* Your objective
In the records that follow, the lines from the one containing "Cinta métrica de" to the one containing "会上,支部书记李老师通报了本", inclusive, are to be given again exactly.

Segment Start: Record excerpts

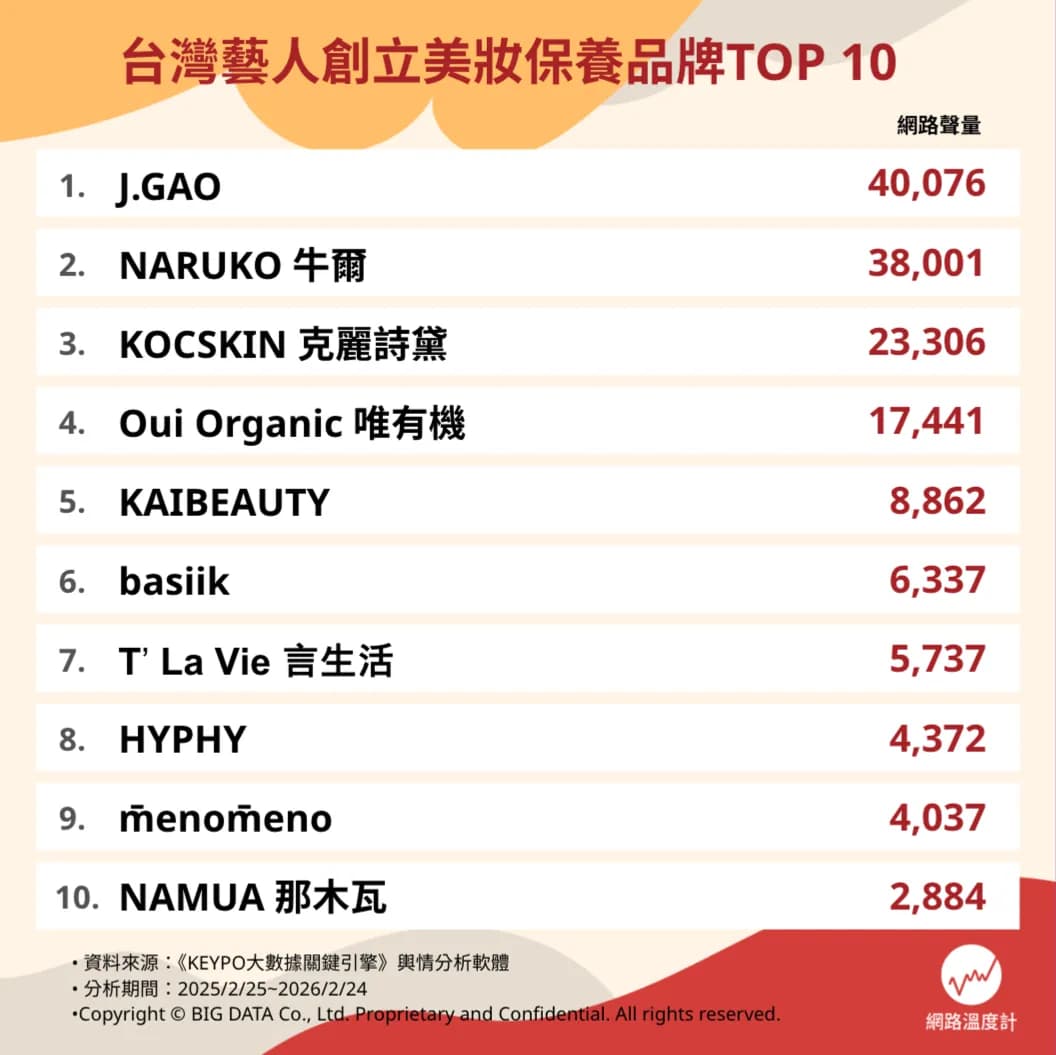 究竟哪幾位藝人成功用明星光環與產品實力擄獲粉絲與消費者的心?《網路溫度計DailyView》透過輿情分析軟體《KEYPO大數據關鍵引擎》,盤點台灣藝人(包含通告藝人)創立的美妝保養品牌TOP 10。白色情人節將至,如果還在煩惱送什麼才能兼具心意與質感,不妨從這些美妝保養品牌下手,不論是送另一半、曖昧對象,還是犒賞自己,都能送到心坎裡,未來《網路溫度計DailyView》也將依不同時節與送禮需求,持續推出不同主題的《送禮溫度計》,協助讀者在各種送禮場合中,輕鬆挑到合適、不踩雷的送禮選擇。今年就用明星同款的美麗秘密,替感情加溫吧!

Segment End: Record excerpts
Segment Start: Record excerpts

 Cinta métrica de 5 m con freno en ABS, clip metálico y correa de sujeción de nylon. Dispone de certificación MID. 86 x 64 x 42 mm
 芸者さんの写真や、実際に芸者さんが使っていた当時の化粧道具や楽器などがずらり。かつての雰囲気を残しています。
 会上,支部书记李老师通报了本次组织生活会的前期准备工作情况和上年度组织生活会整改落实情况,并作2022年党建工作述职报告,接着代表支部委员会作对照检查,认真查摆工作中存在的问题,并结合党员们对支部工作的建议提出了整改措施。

Segment End: Record excerpts
Segment Start: Record excerpts

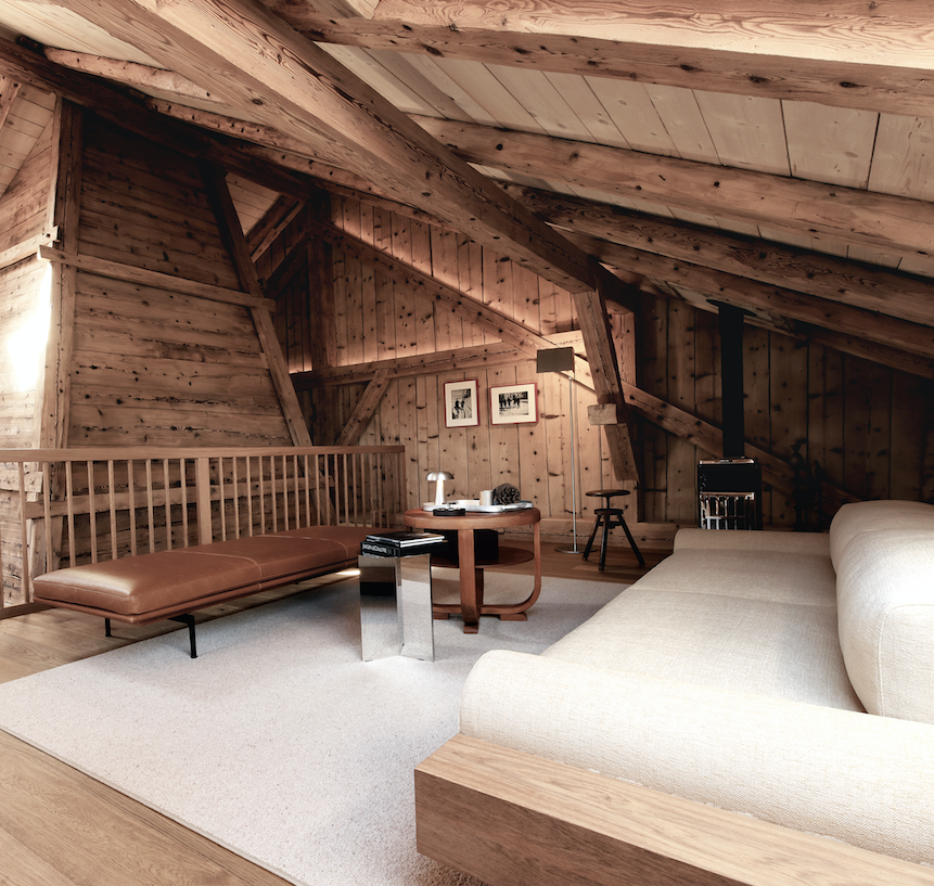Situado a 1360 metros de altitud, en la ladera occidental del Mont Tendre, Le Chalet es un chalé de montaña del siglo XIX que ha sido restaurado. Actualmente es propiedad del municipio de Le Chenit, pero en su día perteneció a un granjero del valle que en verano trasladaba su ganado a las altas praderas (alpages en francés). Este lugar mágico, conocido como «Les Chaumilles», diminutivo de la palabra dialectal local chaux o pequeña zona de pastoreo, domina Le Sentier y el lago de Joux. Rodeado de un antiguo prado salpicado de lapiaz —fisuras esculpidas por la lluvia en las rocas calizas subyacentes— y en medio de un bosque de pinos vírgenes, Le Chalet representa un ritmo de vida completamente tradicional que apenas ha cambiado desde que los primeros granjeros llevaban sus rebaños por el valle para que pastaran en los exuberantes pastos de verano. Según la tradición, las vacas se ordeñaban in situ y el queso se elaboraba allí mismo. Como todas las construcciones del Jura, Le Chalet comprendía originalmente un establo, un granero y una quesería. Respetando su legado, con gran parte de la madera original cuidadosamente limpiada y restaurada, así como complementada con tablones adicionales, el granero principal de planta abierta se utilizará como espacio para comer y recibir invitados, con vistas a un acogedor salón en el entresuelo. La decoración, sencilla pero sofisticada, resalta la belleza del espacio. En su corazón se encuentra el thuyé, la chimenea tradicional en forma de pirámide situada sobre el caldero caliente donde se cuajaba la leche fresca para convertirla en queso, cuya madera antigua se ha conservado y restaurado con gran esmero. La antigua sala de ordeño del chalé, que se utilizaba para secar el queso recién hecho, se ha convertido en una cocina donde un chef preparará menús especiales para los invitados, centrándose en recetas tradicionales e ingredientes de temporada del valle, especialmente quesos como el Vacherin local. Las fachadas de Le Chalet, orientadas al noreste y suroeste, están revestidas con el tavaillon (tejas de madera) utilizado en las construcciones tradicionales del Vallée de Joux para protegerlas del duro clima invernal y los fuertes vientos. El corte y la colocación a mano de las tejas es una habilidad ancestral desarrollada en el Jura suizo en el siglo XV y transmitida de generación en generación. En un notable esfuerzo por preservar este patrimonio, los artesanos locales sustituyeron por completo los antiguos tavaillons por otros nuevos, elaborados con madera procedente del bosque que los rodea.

Segment End: Record excerpts

* Solved exercise
 Cinta métrica de 5 m con freno en ABS, clip metálico y correa de sujeción de nylon. Dispone de certificación MID. 86 x 64 x 42 mm
 芸者さんの写真や、実際に芸者さんが使っていた当時の化粧道具や楽器などがずらり。かつての雰囲気を残しています。
 会上,支部书记李老师通报了本次组织生活会的前期准备工作情况和上年度组织生活会整改落实情况,并作2022年党建工作述职报告,接着代表支部委员会作对照检查,认真查摆工作中存在的问题,并结合党员们对支部工作的建议提出了整改措施。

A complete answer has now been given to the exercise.